TASK DETAILS: Using the data below, print exactly the line with "ONCAI Mens Clog", the line with "Serves meat, vegan", and every line between them, but none of the pictures.

ENTRIES SHOWN:
================

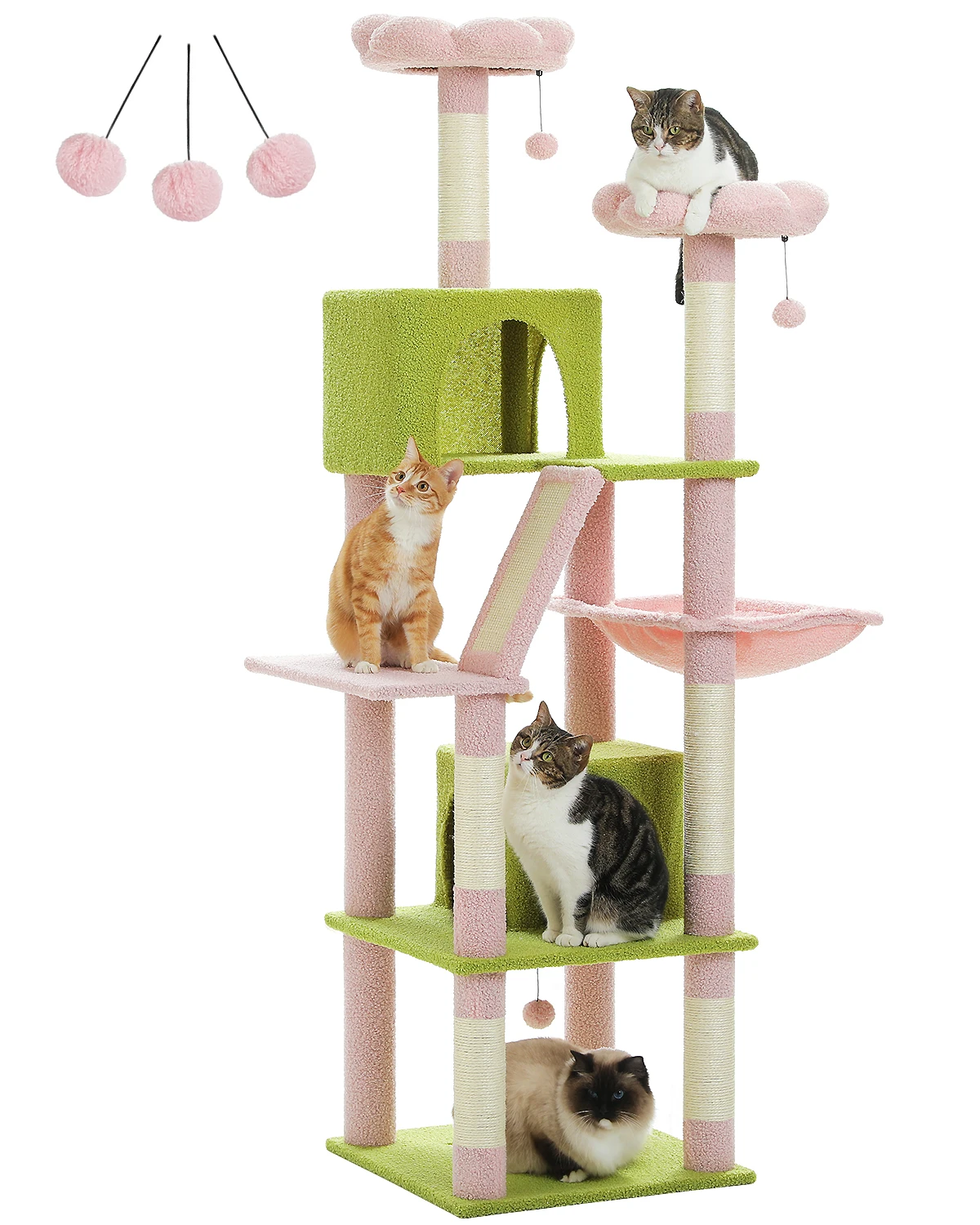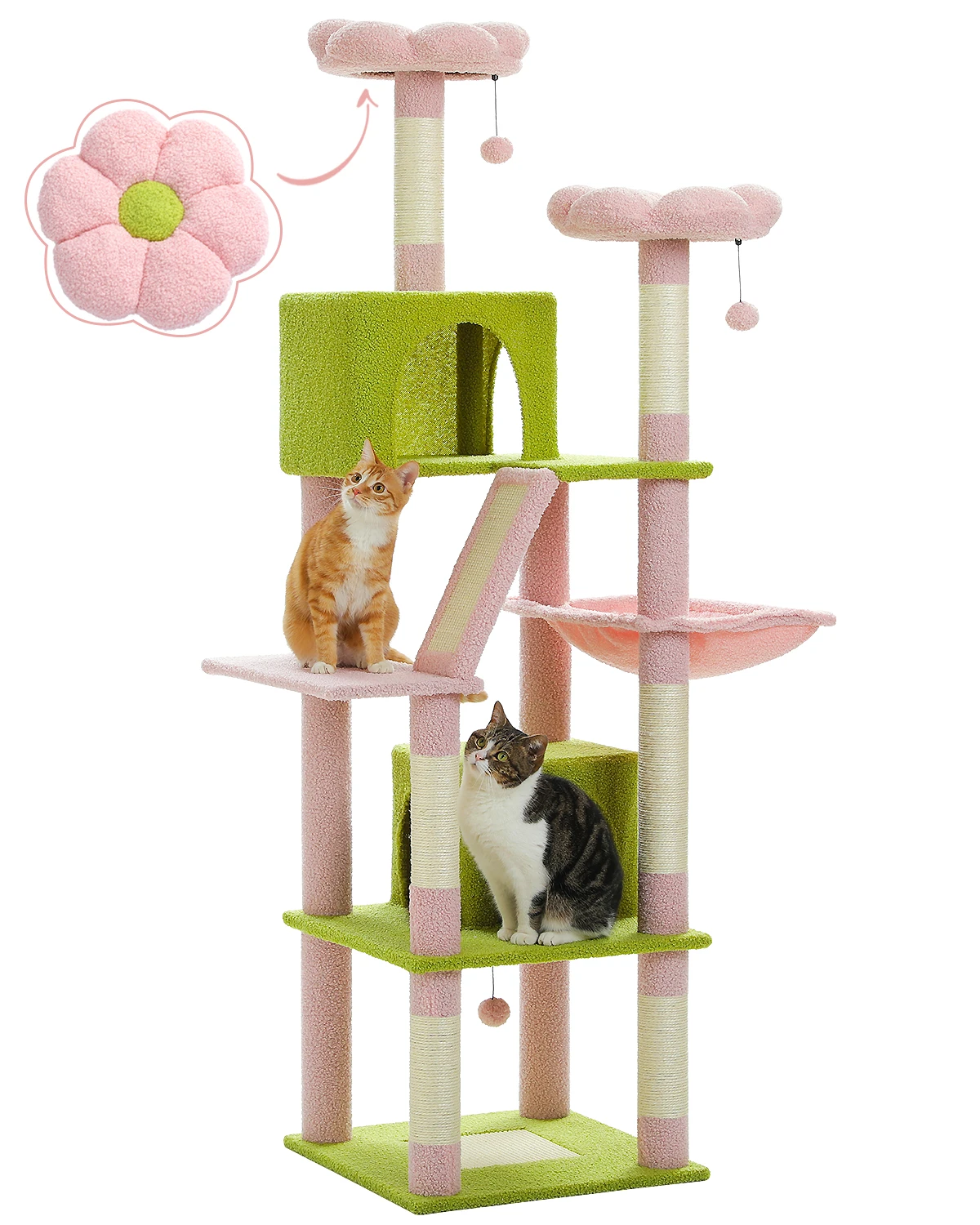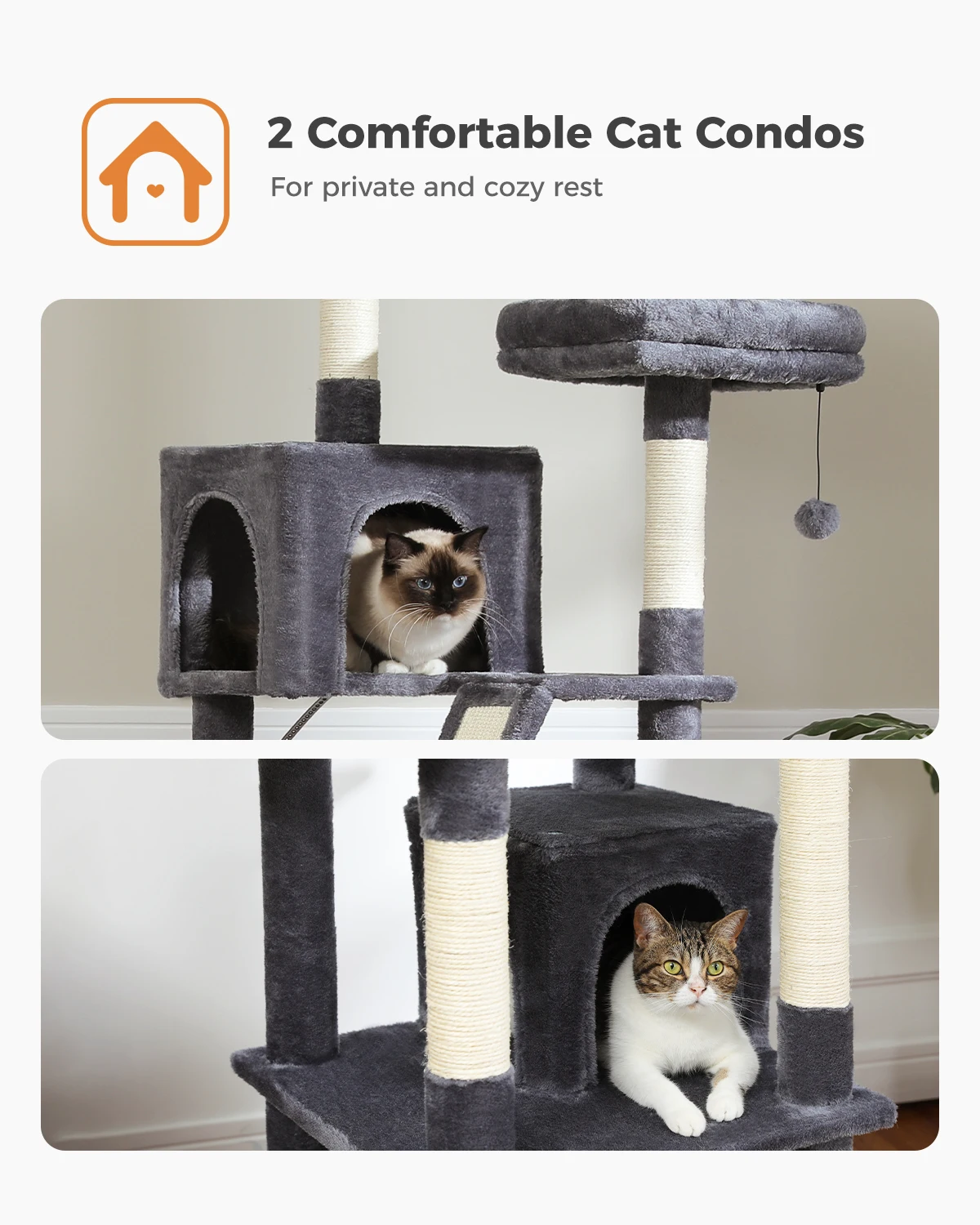 Rascarse en abundancia:Equipado con seis postes rascadores envueltos en sisal duradero y dos rascadores, nuestro árbol para gatos satisface las necesidades naturales de rascado de su gato.Ayuda a mantener sus garras saludables mientras las disuade el uso de sus muebles como almohadilla para rascar.
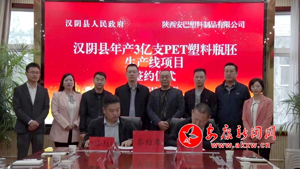 漢陰縣年產3億支PET塑料瓶胚生產線項目簽約
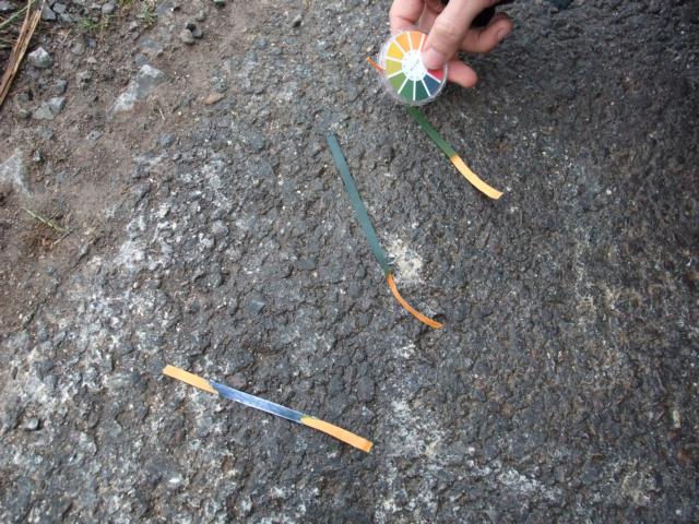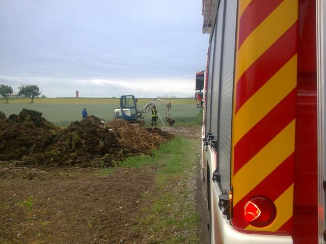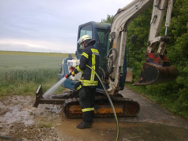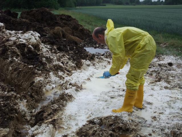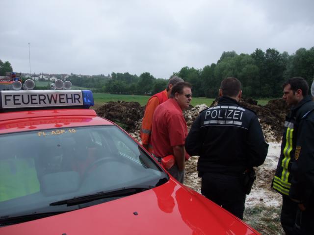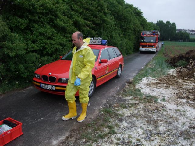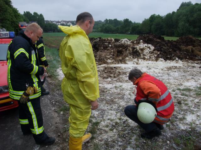 Am Mittwoch wurde die Feuerwehr Asperg zu einem Acker im Gewann „Heckenwiesen“ alarmiert. Die Polizei forderte die Feuerwehr zu Bodenmessungen an. Abgelagerter Branntkalk hatte durch Starkregen mit Wasser reagiert und hatte stark ätzendes Calciumhydroxid gebildet. Dies bestätigten Messungen, die in Absprache mit dem ebenfalls alarmierten Fachberater Chemie des Landkreises Ludwigsburg durchgeführt wurden. Die Bodenmessungen ergaben pH-Werte zwischen 12 - 14 (pH-Wert 14 = höchster zu messender basischer Wert). Das Umweltschutzamt des Landratsamt Ludwigsburg ordnete an, den verseuchten Boden durch eine Spezialfirma abtragen zu lassen. In Absprache mit der Polizei wurde während der Erdarbeiten das betroffene Gebiet weiträumig durch die Feuerwehr abgesperrt. Nach Abschluß der Erdarbeiten wurde der angrenzende Feldweg und die eingesetzten Baumaschienen durch die Feuerwehr Asperg ausgiebig mit Wasser neutralisiert und gereinigt. Die Polizei leitete Ermittlungen ein.
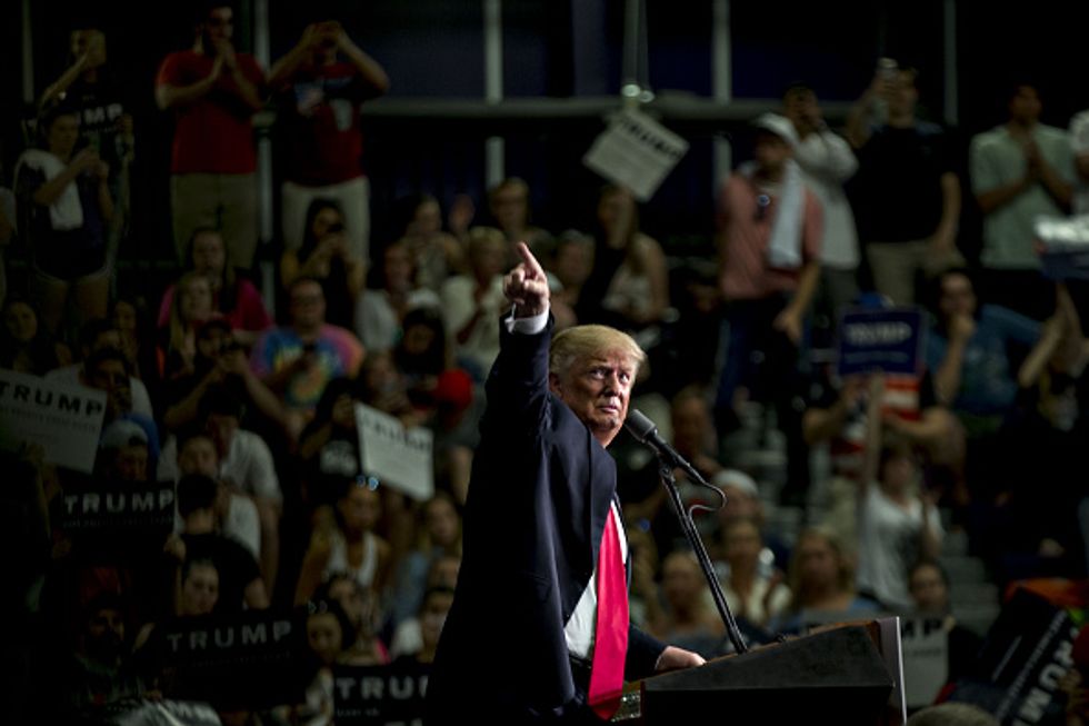 Republican presidential candidate Donald Trump speaks to supporters and the media at Trump Towers following the conclusion of primaries Tuesday in northeastern states on April 26, 2016 in New York, New York. Trump again gained more delegates to move him closer to the Republican presidential nomination. (Getty Images/Spencer Platt)
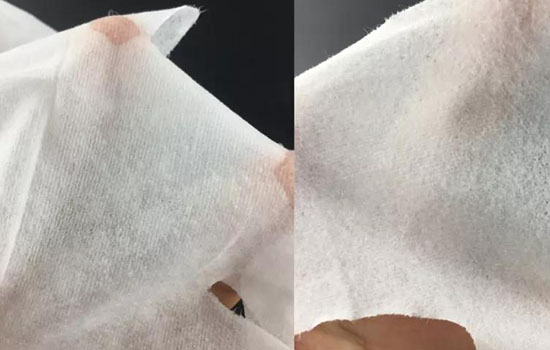 正品面膜纸有竖形纹路,假货面膜纸就是普通的蚕丝纹路。
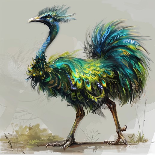 Lore: These large, flightless birds are prized for their incredible jumping abilities and agility. Originally found in a high-magic realm characterized by floating islands and treacherous ravines, Skystriders evolved powerful legs that can propel them vast distances or vertically into the air. Domesticated over time, they are now a valuable asset and status symbol in Saṃsāra.
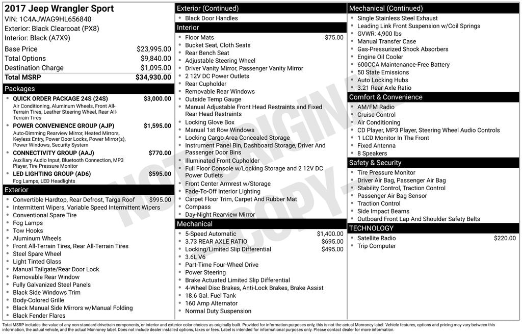 This 2017 Jeep Wrangler Sport is equipped with a robust 3.6L V6 24V VVT engine and a 5-speed automatic transmission, providing the perfect blend of power and efficiency for your adventures. Boasting a sleek black exterior, this Wrangler is ready to tackle any terrain with its 4-wheel drive capabilities.
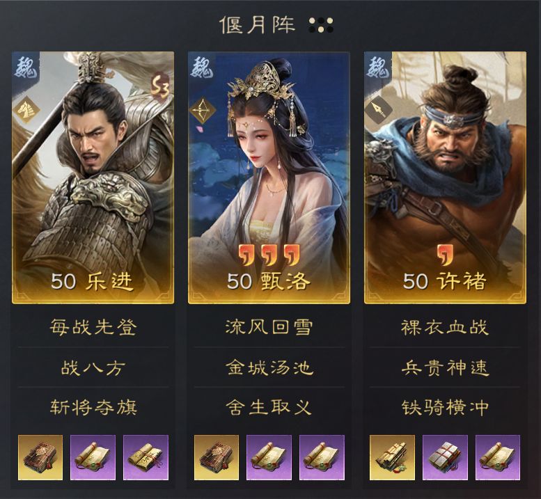 乐进的增伤和甄洛的增伤可以让许褚的输出提升到极致,同时乐进还能为许褚提供减伤,甄洛利用专属韬略也可以指定为许褚提供治疗,弥补了许褚统率值较低的短板。许褚的高爆发,能够有机会快速削减敌军单名武将的兵力,让对方快速减员。
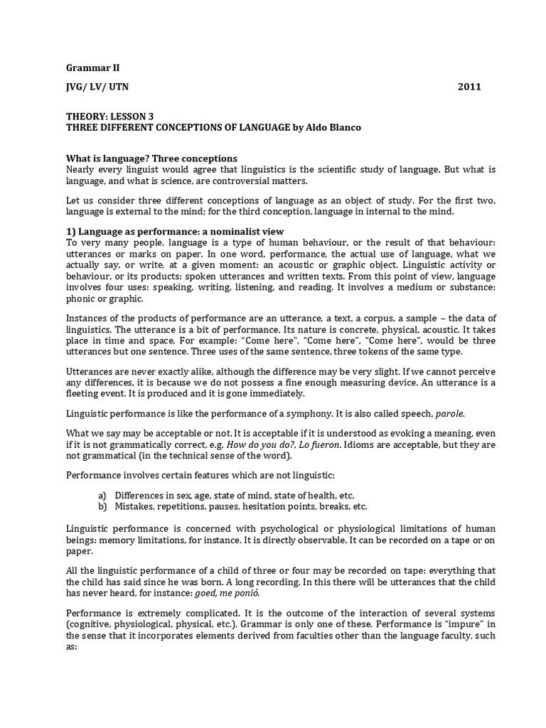 THREE DIFFERENT CONCEPTIONS OF LANGUAGE by Aldo Blanco
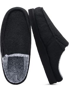 ONCAI Mens Clog Slippers with Arch Support Stripe Faux Fur Cotton-Blend High-Density Memory Foam Warm House Slippers Slip-on Indoor Outdoor Rubber Sole Size 7-16
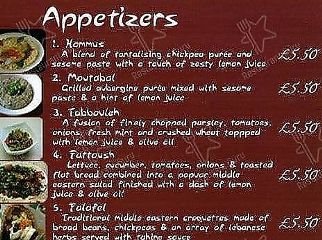 Serves meat, vegan options available. Lebanese restaurant offering a few vegan items such as hummus, tabbouleh, fattoush, falafel, loubieh, moussaka and mujadara. Open Mon-Thu 18:00-20:00, Fri-Sat 18:00-21:00.
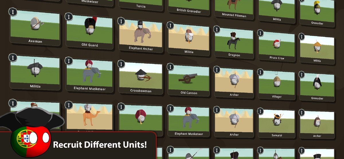Unlock and upgrade special units unique to each country. Build infantry, tanks, artillery and more in your Barracks and Artillery Depot. Each countryball nation has unique military units and strengths – develop your forces and prepare for new units coming in future updates.
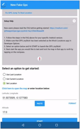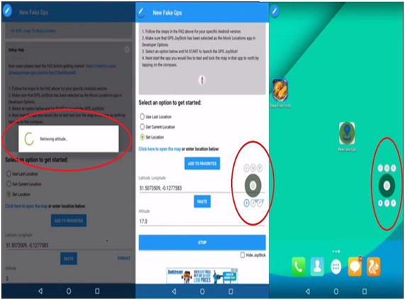 Create a shortcut of New Fake GPS at the desktop screen of your device and open it, now the red error is removed and as you select the set location option you will get all the details below filled as it was not shown before in step 4.

================

RESULT FOR THIS TASK:
 ONCAI Mens Clog Slippers with Arch Support Stripe Faux Fur Cotton-Blend High-Density Memory Foam Warm House Slippers Slip-on Indoor Outdoor Rubber Sole Size 7-16
 Serves meat, vegan options available. Lebanese restaurant offering a few vegan items such as hummus, tabbouleh, fattoush, falafel, loubieh, moussaka and mujadara. Open Mon-Thu 18:00-20:00, Fri-Sat 18:00-21:00.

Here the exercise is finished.